* **Working data**
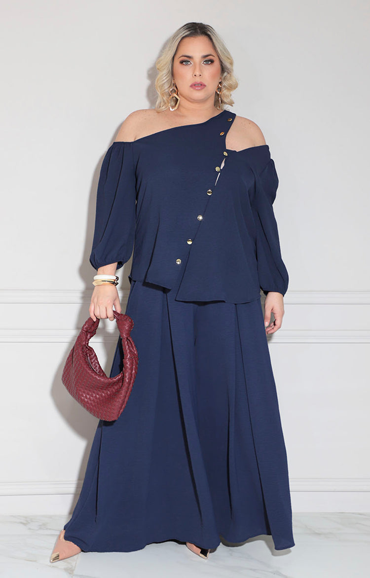 Blusa azul marino con tela suave que proporciona comodidad durante todo el día. Diseño asimétrico que añade movimiento y sofisticación a tu guardarropa, complementado por botones dorados sesgados que crean un detalle visual distintivo. Perfecta para transiciones de estación, esta pieza versátil se adapta tanto a looks casuales como a outfits más refinados. Una opción inteligente para quien busca prendas con carácter y calidad.
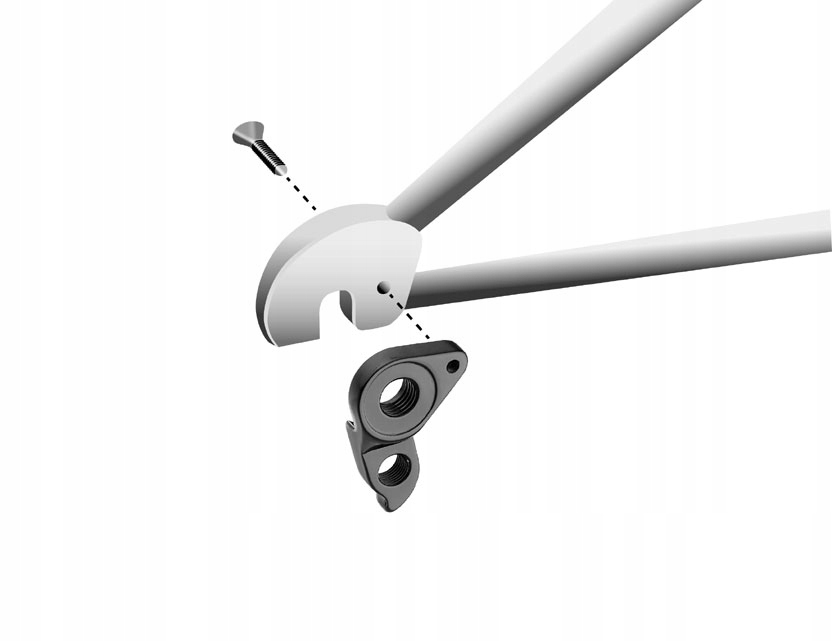 - Кріплення заднього перемикача H585 для перемикачів зі стандартним кріпленням (без прямого кріплення) для рам із наскрізною віссю 12 мм. Збірка зовні за допомогою 1 гвинта, різьблення в підвісі.
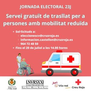 Creu Roja, en col·laboració de l’ajuntament de Vila-real i d’altres entitats, ha posat en marxa un servei per a permetre que les persones ingressades en hospitals i residències o les persones amb problemes de mobilitat disposen d’un servei de trasllat gratuït als col•legis electorals per a la jornada d’eleccions generals del 23 de juliol.
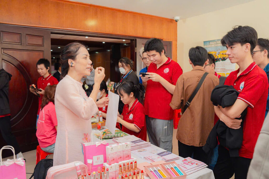 Bên cạnh gian hàng trưng bày sản phẩm, Bio-Q còn tổ chức một buổi workshop làm son thu hút đông đảo sinh viên tham gia. Dưới sự hướng dẫn tận tâm của chuyên gia tại phòng thí nghiệm từ Bio-Q, các bạn đã được tự tay pha trộn, đổ khuôn và tạo nên những thỏi son độc nhất vô nhị. Cám giác tự tay tạo ra một sản phẩm cá nhân đã mang đến nhiều niềm vui và hào hứng cho người tham dự.
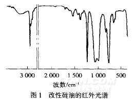 由图1可知,改性硅油中Si一0一Si结构对应的特征吸收峰为1022.34cm-1,1261.14cm-1处为si~CH3与Si—cH2中c—H的弯曲振动吸收峰,801.52om处为si—CH,结构中Si—c的弯曲振动吸收峰,1093.41cm-1是c—O—C结构的特征吸收峰,1410.81、2963.05cm-1是一cH,、一cH中饱和C—H的弯曲振动吸收峰,3362.5cm-1处为羟基,仲氨基中O—H、N—H的弯曲振动吸收峰.
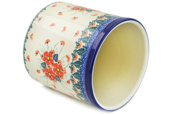 This Pink Forget Me Not 6" Utensil Jar was handmade and hand decorated in Boleslawiec, Poland by skilled artisans according to old traditional methods. This is a Polish pottery Signature Unikat, which means that it has been hand painted with both sponges and brushes and it is signed by the artist who painted it. Unikat pieces are the most intricate works of art. Larger Unikat items take hours of very careful work to finish. This Polish stoneware is microwave, dishwasher, freezer, and oven safe up to 480°F. It does not contain lead or cadmium. It is part of the Pink Forget Me Not Collection.
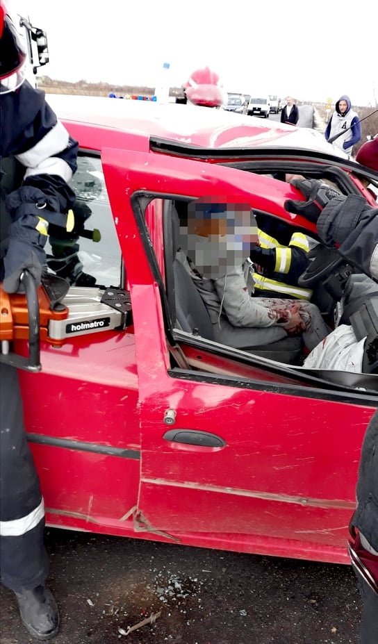 În aceste momente intervine un echipaj de descarcerare a Detașamentului Ineu și SAJ.
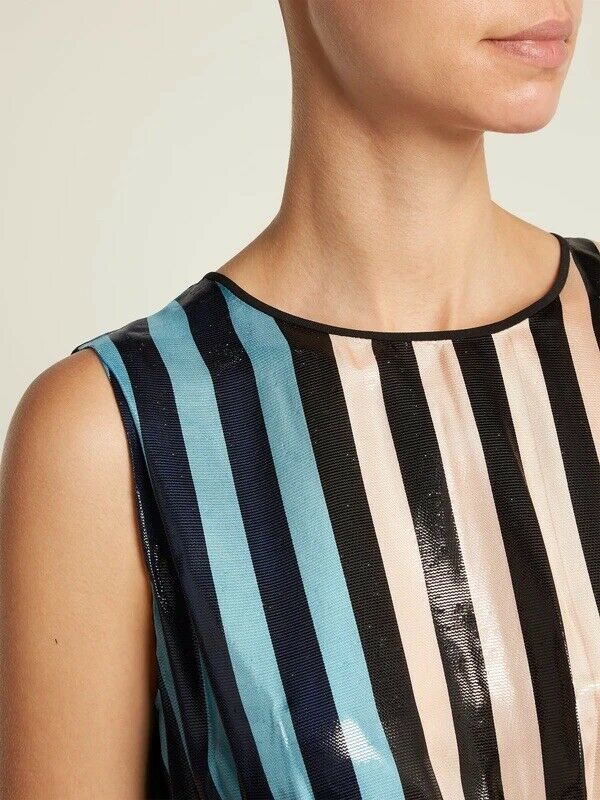 ブルーやブラックなどのメタリックのストライプがクールで華やかなドレスです。
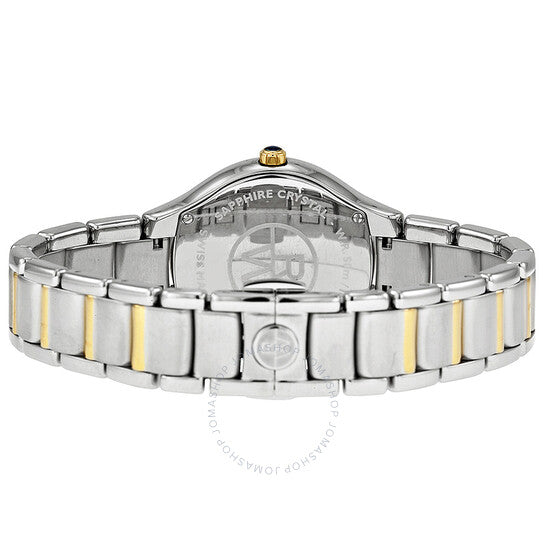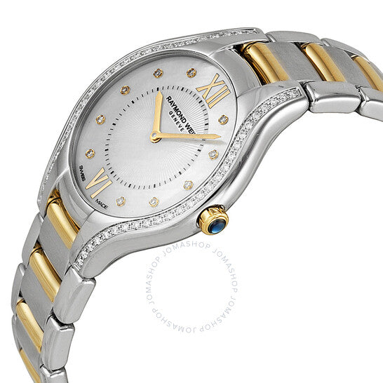 Stainless steel case with a two-tone (silver and yellow gold-tone) stainless steel bracelet. Fixed silver-tone bezel set with diamonds. Mother of pearl dial with yellow gold-tone hands and diamond hour markers. Roman numerals mark the 6 and 12 o'clock positions. Minute markers around an inner ring. Dial Type: Analog. Quartz movement. Scratch resistant sapphire crystal. Pull / push crown. Solid case back. Case diameter: 32 mm. Case thickness: 7.6 mm. Round case shape. Double push button fold over clasp. Water resistant at 50 meters / 165 feet. Functions: hour, minute. Dress watch style. Watch label: Swiss Made. Raymond Weil Noemia Mother Of Pearl Diamond Dial Two Tone Stainless Steel Ladies Watch 5132-SPS-00985.
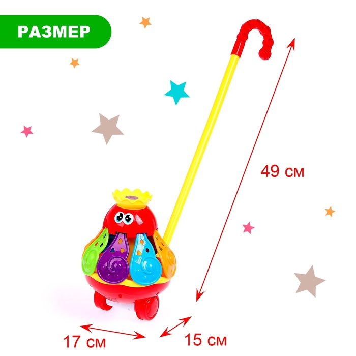 Яркая каталка подойдёт для игры на свежем воздухе или дома.
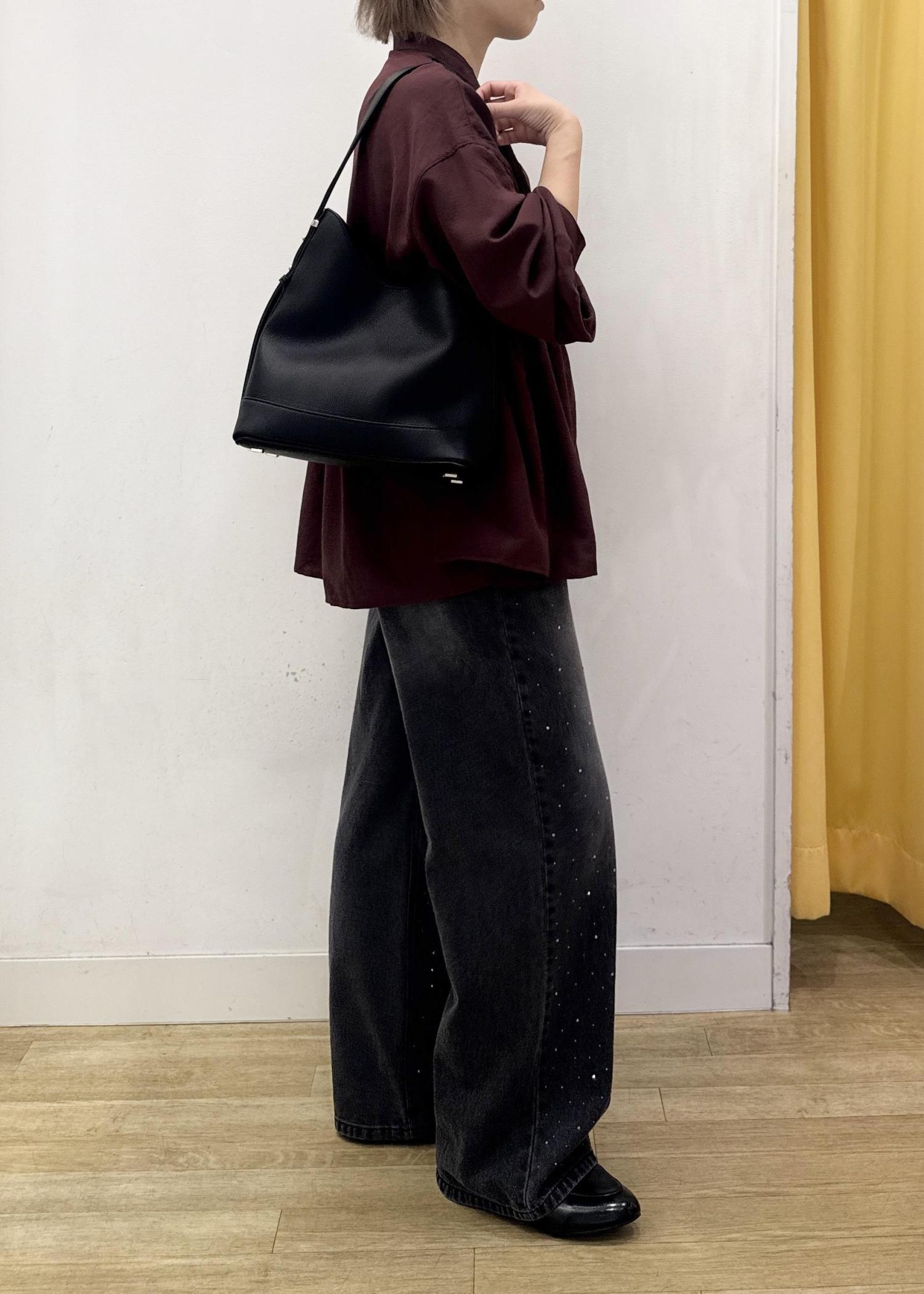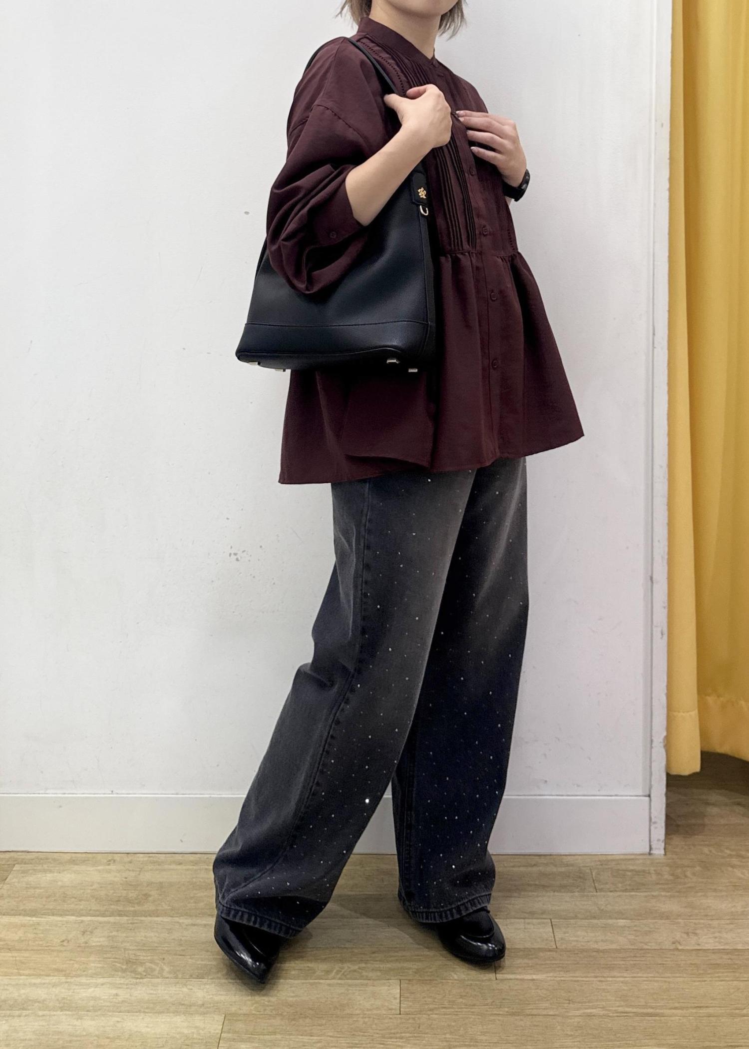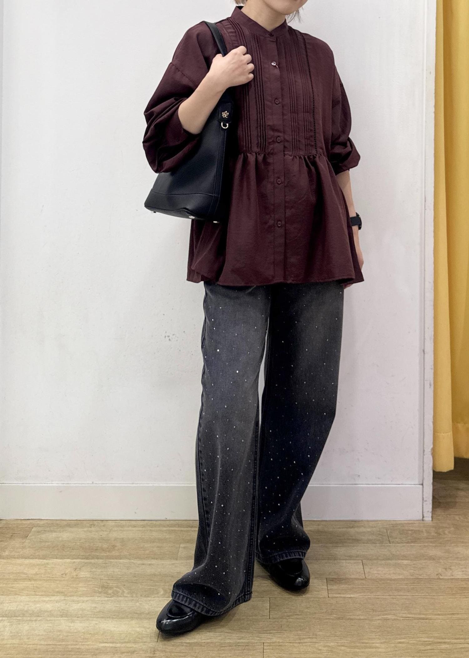 ビジューデザインがオシャレなブラックデニムと合わせて、シックな秋コーディネートに☺︎

* **Problem to solve**
The result should be a precise copy of all the entries, free of pictures.

* **Response area**
 Blusa azul marino con tela suave que proporciona comodidad durante todo el día. Diseño asimétrico que añade movimiento y sofisticación a tu guardarropa, complementado por botones dorados sesgados que crean un detalle visual distintivo. Perfecta para transiciones de estación, esta pieza versátil se adapta tanto a looks casuales como a outfits más refinados. Una opción inteligente para quien busca prendas con carácter y calidad.
 - Кріплення заднього перемикача H585 для перемикачів зі стандартним кріпленням (без прямого кріплення) для рам із наскрізною віссю 12 мм. Збірка зовні за допомогою 1 гвинта, різьблення в підвісі.
 Creu Roja, en col·laboració de l’ajuntament de Vila-real i d’altres entitats, ha posat en marxa un servei per a permetre que les persones ingressades en hospitals i residències o les persones amb problemes de mobilitat disposen d’un servei de trasllat gratuït als col•legis electorals per a la jornada d’eleccions generals del 23 de juliol.
 Bên cạnh gian hàng trưng bày sản phẩm, Bio-Q còn tổ chức một buổi workshop làm son thu hút đông đảo sinh viên tham gia. Dưới sự hướng dẫn tận tâm của chuyên gia tại phòng thí nghiệm từ Bio-Q, các bạn đã được tự tay pha trộn, đổ khuôn và tạo nên những thỏi son độc nhất vô nhị. Cám giác tự tay tạo ra một sản phẩm cá nhân đã mang đến nhiều niềm vui và hào hứng cho người tham dự.
 由图1可知,改性硅油中Si一0一Si结构对应的特征吸收峰为1022.34cm-1,1261.14cm-1处为si~CH3与Si—cH2中c—H的弯曲振动吸收峰,801.52om处为si—CH,结构中Si—c的弯曲振动吸收峰,1093.41cm-1是c—O—C结构的特征吸收峰,1410.81、2963.05cm-1是一cH,、一cH中饱和C—H的弯曲振动吸收峰,3362.5cm-1处为羟基,仲氨基中O—H、N—H的弯曲振动吸收峰.
 This Pink Forget Me Not 6" Utensil Jar was handmade and hand decorated in Boleslawiec, Poland by skilled artisans according to old traditional methods. This is a Polish pottery Signature Unikat, which means that it has been hand painted with both sponges and brushes and it is signed by the artist who painted it. Unikat pieces are the most intricate works of art. Larger Unikat items take hours of very careful work to finish. This Polish stoneware is microwave, dishwasher, freezer, and oven safe up to 480°F. It does not contain lead or cadmium. It is part of the Pink Forget Me Not Collection.
 În aceste momente intervine un echipaj de descarcerare a Detașamentului Ineu și SAJ.
 ブルーやブラックなどのメタリックのストライプがクールで華やかなドレスです。
 Stainless steel case with a two-tone (silver and yellow gold-tone) stainless steel bracelet. Fixed silver-tone bezel set with diamonds. Mother of pearl dial with yellow gold-tone hands and diamond hour markers. Roman numerals mark the 6 and 12 o'clock positions. Minute markers around an inner ring. Dial Type: Analog. Quartz movement. Scratch resistant sapphire crystal. Pull / push crown. Solid case back. Case diameter: 32 mm. Case thickness: 7.6 mm. Round case shape. Double push button fold over clasp. Water resistant at 50 meters / 165 feet. Functions: hour, minute. Dress watch style. Watch label: Swiss Made. Raymond Weil Noemia Mother Of Pearl Diamond Dial Two Tone Stainless Steel Ladies Watch 5132-SPS-00985.
 Яркая каталка подойдёт для игры на свежем воздухе или дома.
 ビジューデザインがオシャレなブラックデニムと合わせて、シックな秋コーディネートに☺︎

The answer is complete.